Closed chrzyki closed 5 years ago
We have some risk of concept mapping in cldf, given that we do not check for the same things in cldf which we currently check for concepticon, e.g., if an ID is valid, i.e., not already replaced by a synonym or an alias. We can always argue that the ideal way would anyway be to link links to concepticon explicitly, by adding them to concepticon, and having the same test as for concepticon would be tedious, but we may not want to forget this, that we could easily introduce errors in this stage. I know it's not exactly what your PR does, but it's something that came to my mind when I saw it.
Good points! Better integrating this with the checks we've already available in pyconcepticon
might be very worthwhile.
I think we could merge this, but should definitely file an issue with pylexibank
to avoid this. If this happens for "non-pylexibank" datasets like lexirumah, I'd propose fixing it by expanding the NULL
specification for the Concepticon_ID
column to "NULL": ["", "0"]
- which should let the load command do the right thing.
Thanks!
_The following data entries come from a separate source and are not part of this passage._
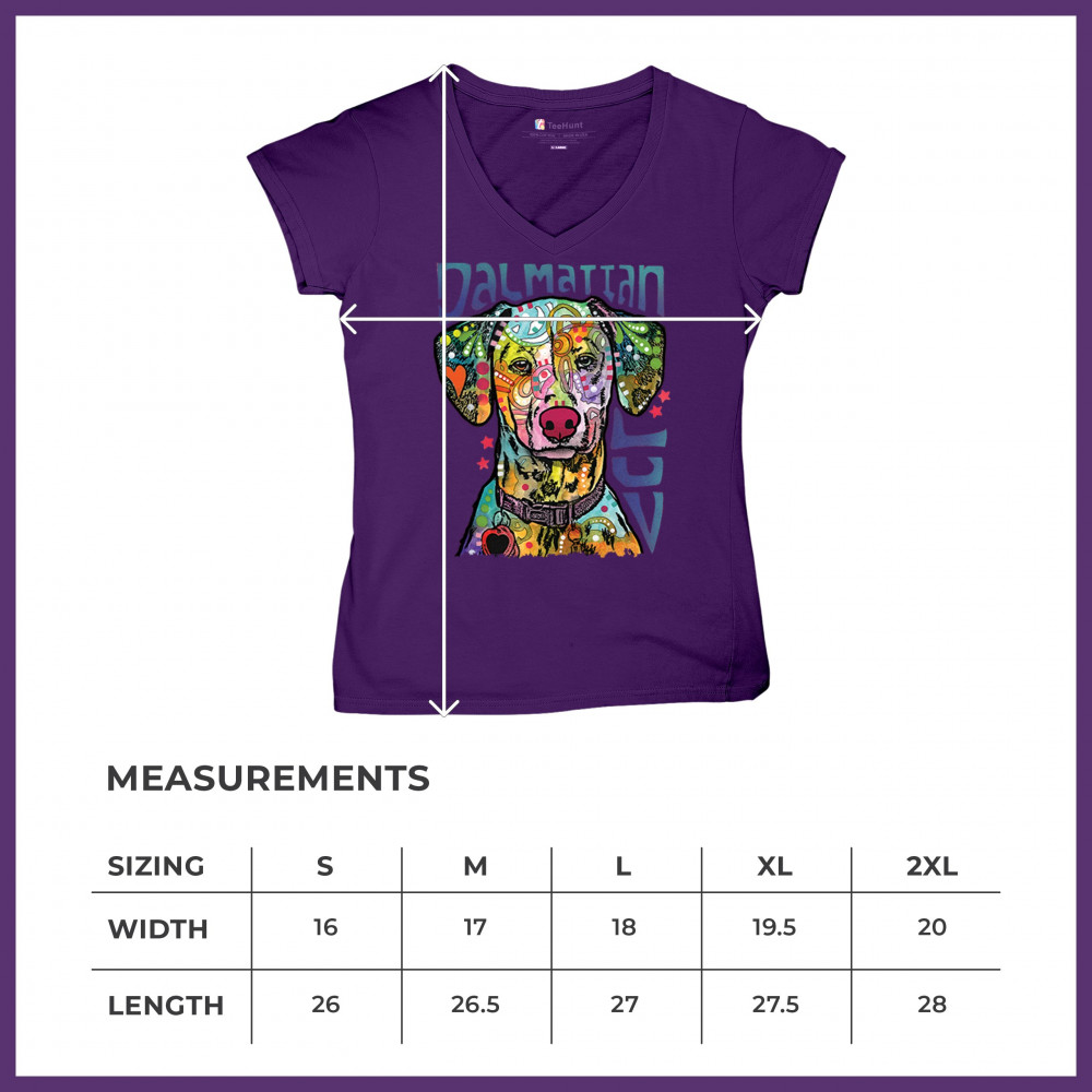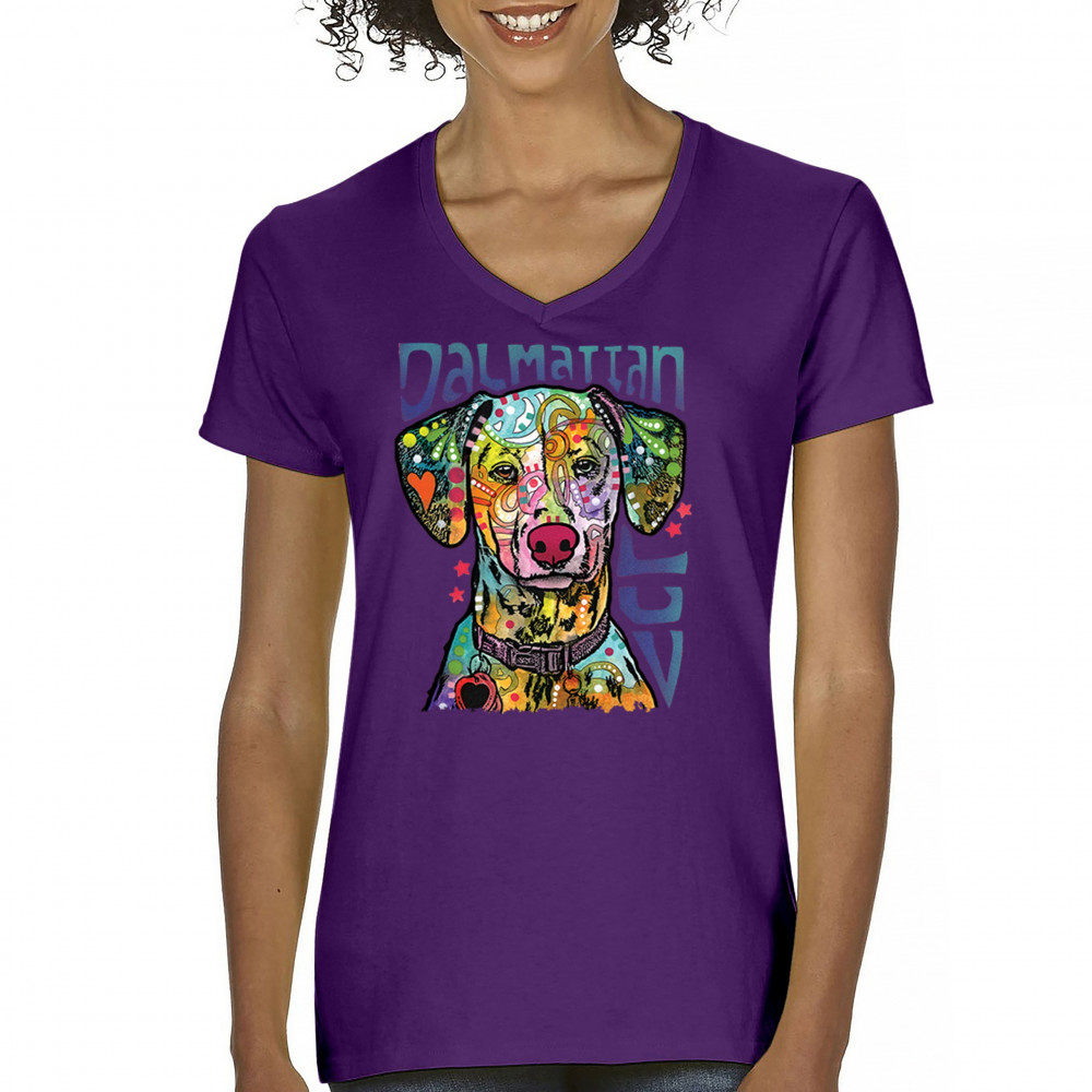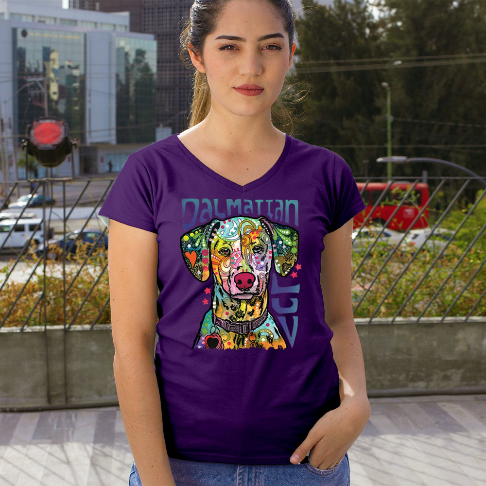 DEAN RUSSO DALMATIAN LUV COLORFUL DOG women's v-neck t-shirt neon puppy tee purple
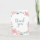 Dieser zeitgenössische Stil mit Dankeschön-Karte zeichnet sich durch eine weiche Blumengrenze aus pastellrosafarbenen Pfannkuchen und gemischten Blume aus, die mit den hintersten bläulich-grünen Ästen und Blätter verstreut sind. Es hat aquamarine Dankeschön-Text, der in einem modernen Pinselskript-Schriftbild entworfen wurde. Die Karte ist innen leer, um Ihre persönlichen Danksagungen schreiben zu können, oder Sie können die Innenseite durch Hinzufügen einer typisierten Nachricht anpassen.
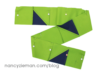 Fold the strip right sides together at each Floating Triangle. The Floating Triangle is sandwiched between the fabric.
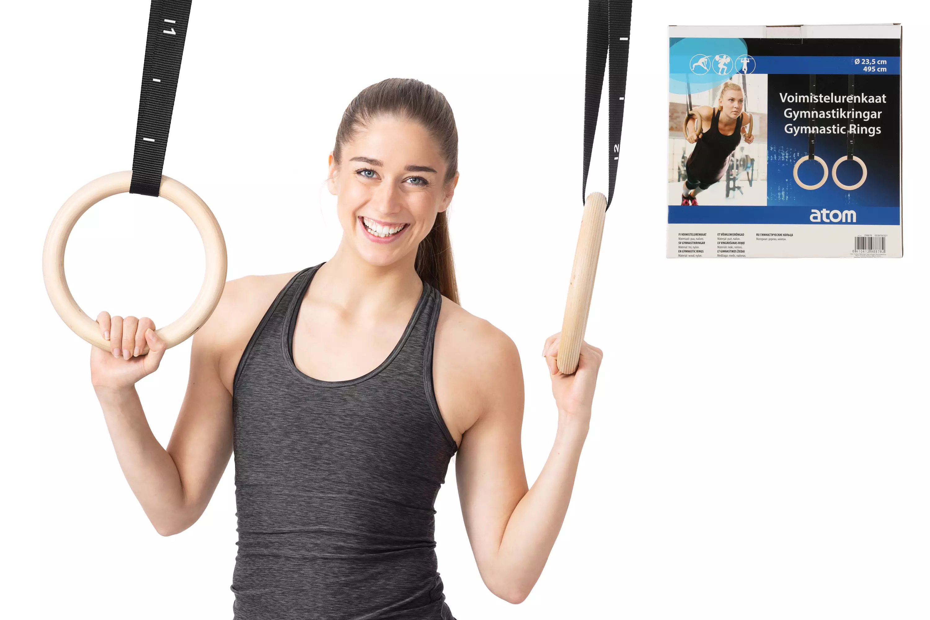 Puiset renkaat soveltuvat useimpien akrobatia- ja voimisteluliikkeiden harjoittelemiseen. Renkaiden avulla voit aloittaa harjoittelun kotona ja parantaa tekniikkaasi. Renkaat eivät ole vain voimistelijoille, myös kehonrakentajat voivat hyötyä harjoittelusta renkaiden parissa. Voimistelurenkaiden avulla voit tehdä erilaisia ylävartalon harjoituksia, kuten rengasnousuja, vetoja, lihasnousuja, rengassoutuja ja paljon muuta. Renkaat on valmistettu kestävästä puusta. Renkaan halkaisija 23,5 cm. Remmin pituus 495 cm. Enimmäiskantavuus 300 kg.
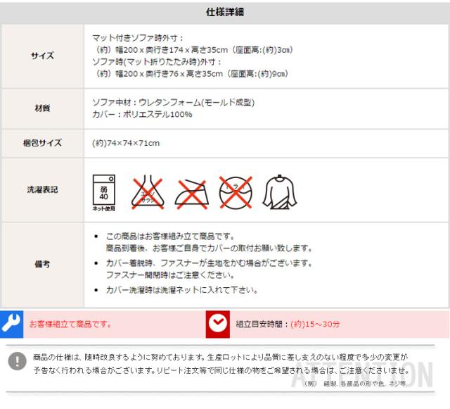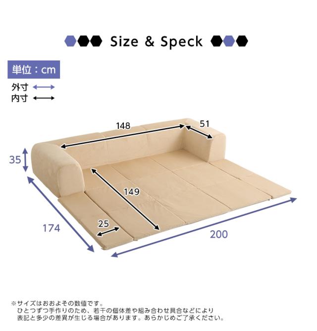 マット付きソファ時外寸:W200 x D174 x H35 x SH3cm
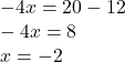 Gwendolyn is asked to solve the equation –4(x – 3) = 20. She shows the work below and states that the solution is x = –8. –4(x – 3) = 20 –4x + 12 = 20 –4x = 32 x = –8 Unfortunately, Gwendolyn’s work is flawed. Explain the flaw in Gwendolyn’s work. Determine the correct solution to the equation.
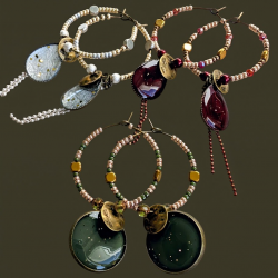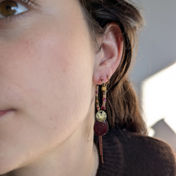 Magnifiques boucles d'oreilles, Créoles habillées de petites perles japonaises, perles de verre et perles hématite
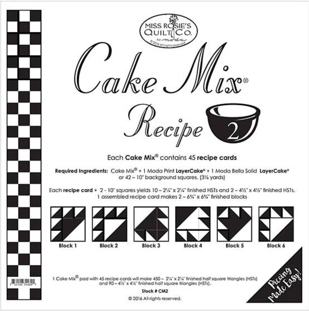 Cake Mix Recipe 2 by Miss Rosie's Quilt Co. for Moda Fabrics.Piecing Made Easy! Each Cake Mix Pad with 44 recipe cards will make 44 - 8" finished half square triangles and 176 - 4" finished half square triangles. Paper Piecing. Foundation Piecing.Make a variety of blocks with each Cake Mix Recipe Pad.Texas residents please be aware that a state sales tax of 8.25% will be added on to your purchase.Please feel free to message me with any questions.
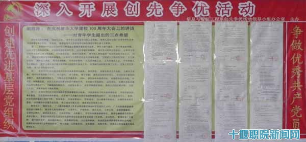 会上,该系党员认真学习了《中共十堰职业技术学院委员会关于深入推进创先争优活动的实施方案》和《国家中长期教育改革和发展规划纲要(2010-2020年)》。组织党员填写党员公开承诺书,宣布了“创先争优”领导小组及活动方案。活动方案围绕骨干校建设、内涵建设、工学结合、校企合作、顶岗实习、人才培养模式创新以及学生在学风建设、文化建设、文明宿舍建设等方面做了具体安排部署。

I've opened the issue - I also like the ["", "0"]
idea and I think having both things in mind is a good thing.
So, I don't even know whether this PR is noteworthy and should be merged at all, given the extreme marginality of an edge-case like this. Still, I'd be curious to learn where we could catch something like that? I suppose this should have been caught/not done immediately during the stage of the CLDF generation?